Exercise brief: Each line of the material below is to be written out exactly. Leave out any picture.
╔══
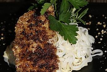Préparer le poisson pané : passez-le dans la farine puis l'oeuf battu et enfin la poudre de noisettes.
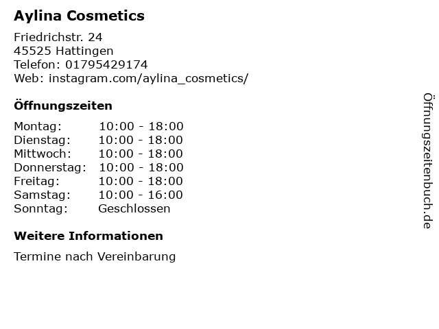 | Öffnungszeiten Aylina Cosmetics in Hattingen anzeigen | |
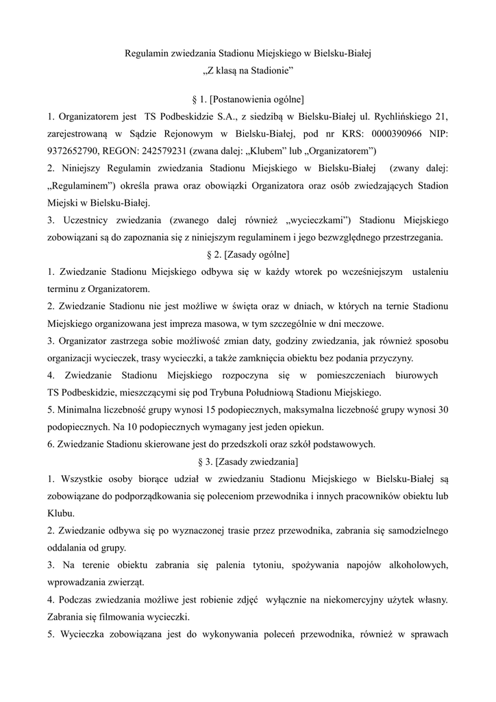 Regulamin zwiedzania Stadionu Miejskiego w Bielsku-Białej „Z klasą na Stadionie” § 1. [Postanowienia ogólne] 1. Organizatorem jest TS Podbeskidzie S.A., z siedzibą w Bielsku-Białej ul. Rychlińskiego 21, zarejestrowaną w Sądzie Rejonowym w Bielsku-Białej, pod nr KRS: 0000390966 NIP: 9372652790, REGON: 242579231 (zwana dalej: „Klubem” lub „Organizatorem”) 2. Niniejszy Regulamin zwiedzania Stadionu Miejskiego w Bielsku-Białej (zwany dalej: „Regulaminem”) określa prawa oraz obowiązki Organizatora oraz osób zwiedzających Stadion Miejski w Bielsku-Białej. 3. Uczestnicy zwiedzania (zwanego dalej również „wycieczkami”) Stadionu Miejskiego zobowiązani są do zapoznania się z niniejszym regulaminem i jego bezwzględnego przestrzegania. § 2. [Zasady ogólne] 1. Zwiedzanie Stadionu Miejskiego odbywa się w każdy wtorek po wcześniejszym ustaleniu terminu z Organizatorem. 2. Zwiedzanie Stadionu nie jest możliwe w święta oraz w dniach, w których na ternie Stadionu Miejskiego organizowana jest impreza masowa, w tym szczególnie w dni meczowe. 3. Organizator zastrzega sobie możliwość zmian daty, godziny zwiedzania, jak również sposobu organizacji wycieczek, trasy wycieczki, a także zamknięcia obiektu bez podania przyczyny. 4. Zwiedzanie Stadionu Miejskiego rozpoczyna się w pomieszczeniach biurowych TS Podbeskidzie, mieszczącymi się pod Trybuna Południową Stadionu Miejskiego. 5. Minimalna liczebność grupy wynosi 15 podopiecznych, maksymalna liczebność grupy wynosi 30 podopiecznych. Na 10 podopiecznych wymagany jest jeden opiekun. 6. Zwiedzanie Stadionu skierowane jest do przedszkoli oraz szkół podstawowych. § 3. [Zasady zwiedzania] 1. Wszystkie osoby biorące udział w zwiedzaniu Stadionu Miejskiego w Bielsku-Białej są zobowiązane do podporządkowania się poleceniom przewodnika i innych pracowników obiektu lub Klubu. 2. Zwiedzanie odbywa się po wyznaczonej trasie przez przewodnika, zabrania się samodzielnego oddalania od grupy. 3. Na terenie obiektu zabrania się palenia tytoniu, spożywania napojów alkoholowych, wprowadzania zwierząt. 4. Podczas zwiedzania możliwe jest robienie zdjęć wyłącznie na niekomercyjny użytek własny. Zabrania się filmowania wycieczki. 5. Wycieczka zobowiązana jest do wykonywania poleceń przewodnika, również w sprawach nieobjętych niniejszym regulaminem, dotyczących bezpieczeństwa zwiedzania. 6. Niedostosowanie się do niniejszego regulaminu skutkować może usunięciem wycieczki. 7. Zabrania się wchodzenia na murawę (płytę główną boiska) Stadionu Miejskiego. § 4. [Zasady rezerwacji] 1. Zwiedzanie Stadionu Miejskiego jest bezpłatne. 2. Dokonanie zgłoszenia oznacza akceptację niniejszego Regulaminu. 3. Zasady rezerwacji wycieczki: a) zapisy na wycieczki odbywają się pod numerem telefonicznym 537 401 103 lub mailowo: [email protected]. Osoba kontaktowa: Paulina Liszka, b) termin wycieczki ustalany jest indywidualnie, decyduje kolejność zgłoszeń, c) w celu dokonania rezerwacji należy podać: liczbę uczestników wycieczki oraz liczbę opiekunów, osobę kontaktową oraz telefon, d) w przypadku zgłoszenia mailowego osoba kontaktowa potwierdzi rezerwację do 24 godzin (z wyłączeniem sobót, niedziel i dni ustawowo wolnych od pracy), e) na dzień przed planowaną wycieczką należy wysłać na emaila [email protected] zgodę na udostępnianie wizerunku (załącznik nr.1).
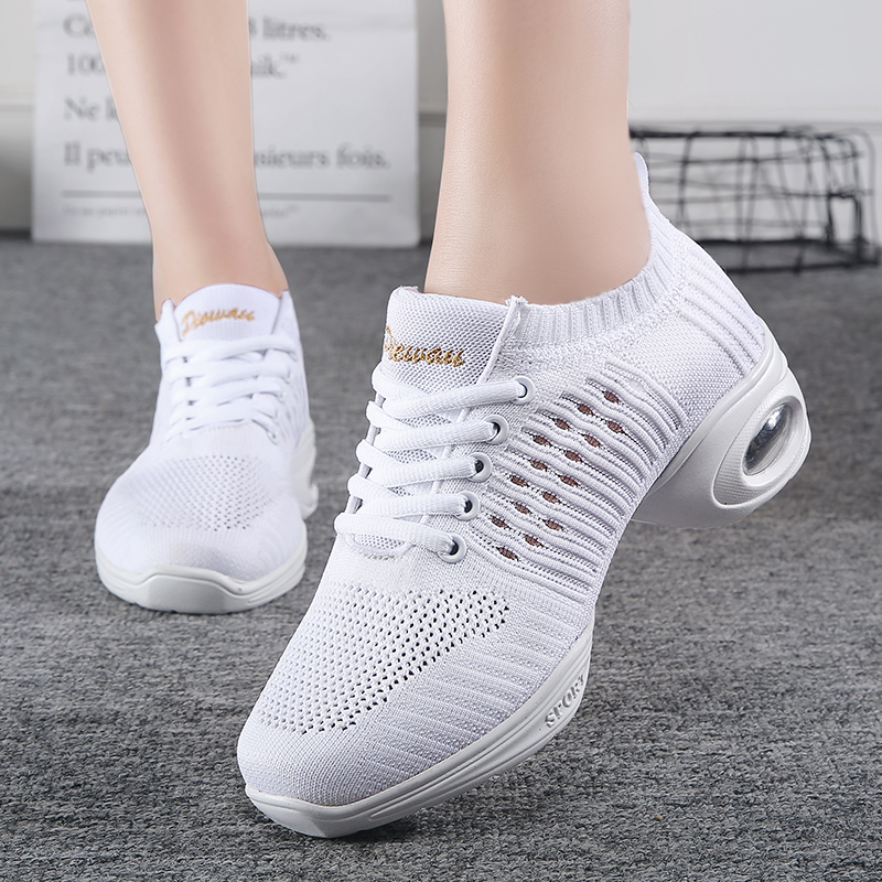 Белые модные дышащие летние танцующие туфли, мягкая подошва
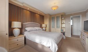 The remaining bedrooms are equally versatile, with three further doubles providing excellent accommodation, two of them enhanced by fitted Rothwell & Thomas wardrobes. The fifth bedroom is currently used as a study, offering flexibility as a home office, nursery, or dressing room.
╚══
The answer:
Préparer le poisson pané : passez-le dans la farine puis l'oeuf battu et enfin la poudre de noisettes.
 | Öffnungszeiten Aylina Cosmetics in Hattingen anzeigen | |
 Regulamin zwiedzania Stadionu Miejskiego w Bielsku-Białej „Z klasą na Stadionie” § 1. [Postanowienia ogólne] 1. Organizatorem jest TS Podbeskidzie S.A., z siedzibą w Bielsku-Białej ul. Rychlińskiego 21, zarejestrowaną w Sądzie Rejonowym w Bielsku-Białej, pod nr KRS: 0000390966 NIP: 9372652790, REGON: 242579231 (zwana dalej: „Klubem” lub „Organizatorem”) 2. Niniejszy Regulamin zwiedzania Stadionu Miejskiego w Bielsku-Białej (zwany dalej: „Regulaminem”) określa prawa oraz obowiązki Organizatora oraz osób zwiedzających Stadion Miejski w Bielsku-Białej. 3. Uczestnicy zwiedzania (zwanego dalej również „wycieczkami”) Stadionu Miejskiego zobowiązani są do zapoznania się z niniejszym regulaminem i jego bezwzględnego przestrzegania. § 2. [Zasady ogólne] 1. Zwiedzanie Stadionu Miejskiego odbywa się w każdy wtorek po wcześniejszym ustaleniu terminu z Organizatorem. 2. Zwiedzanie Stadionu nie jest możliwe w święta oraz w dniach, w których na ternie Stadionu Miejskiego organizowana jest impreza masowa, w tym szczególnie w dni meczowe. 3. Organizator zastrzega sobie możliwość zmian daty, godziny zwiedzania, jak również sposobu organizacji wycieczek, trasy wycieczki, a także zamknięcia obiektu bez podania przyczyny. 4. Zwiedzanie Stadionu Miejskiego rozpoczyna się w pomieszczeniach biurowych TS Podbeskidzie, mieszczącymi się pod Trybuna Południową Stadionu Miejskiego. 5. Minimalna liczebność grupy wynosi 15 podopiecznych, maksymalna liczebność grupy wynosi 30 podopiecznych. Na 10 podopiecznych wymagany jest jeden opiekun. 6. Zwiedzanie Stadionu skierowane jest do przedszkoli oraz szkół podstawowych. § 3. [Zasady zwiedzania] 1. Wszystkie osoby biorące udział w zwiedzaniu Stadionu Miejskiego w Bielsku-Białej są zobowiązane do podporządkowania się poleceniom przewodnika i innych pracowników obiektu lub Klubu. 2. Zwiedzanie odbywa się po wyznaczonej trasie przez przewodnika, zabrania się samodzielnego oddalania od grupy. 3. Na terenie obiektu zabrania się palenia tytoniu, spożywania napojów alkoholowych, wprowadzania zwierząt. 4. Podczas zwiedzania możliwe jest robienie zdjęć wyłącznie na niekomercyjny użytek własny. Zabrania się filmowania wycieczki. 5. Wycieczka zobowiązana jest do wykonywania poleceń przewodnika, również w sprawach nieobjętych niniejszym regulaminem, dotyczących bezpieczeństwa zwiedzania. 6. Niedostosowanie się do niniejszego regulaminu skutkować może usunięciem wycieczki. 7. Zabrania się wchodzenia na murawę (płytę główną boiska) Stadionu Miejskiego. § 4. [Zasady rezerwacji] 1. Zwiedzanie Stadionu Miejskiego jest bezpłatne. 2. Dokonanie zgłoszenia oznacza akceptację niniejszego Regulaminu. 3. Zasady rezerwacji wycieczki: a) zapisy na wycieczki odbywają się pod numerem telefonicznym 537 401 103 lub mailowo: [email protected]. Osoba kontaktowa: Paulina Liszka, b) termin wycieczki ustalany jest indywidualnie, decyduje kolejność zgłoszeń, c) w celu dokonania rezerwacji należy podać: liczbę uczestników wycieczki oraz liczbę opiekunów, osobę kontaktową oraz telefon, d) w przypadku zgłoszenia mailowego osoba kontaktowa potwierdzi rezerwację do 24 godzin (z wyłączeniem sobót, niedziel i dni ustawowo wolnych od pracy), e) na dzień przed planowaną wycieczką należy wysłać na emaila [email protected] zgodę na udostępnianie wizerunku (załącznik nr.1).
 Белые модные дышащие летние танцующие туфли, мягкая подошва
 The remaining bedrooms are equally versatile, with three further doubles providing excellent accommodation, two of them enhanced by fitted Rothwell & Thomas wardrobes. The fifth bedroom is currently used as a study, offering flexibility as a home office, nursery, or dressing room.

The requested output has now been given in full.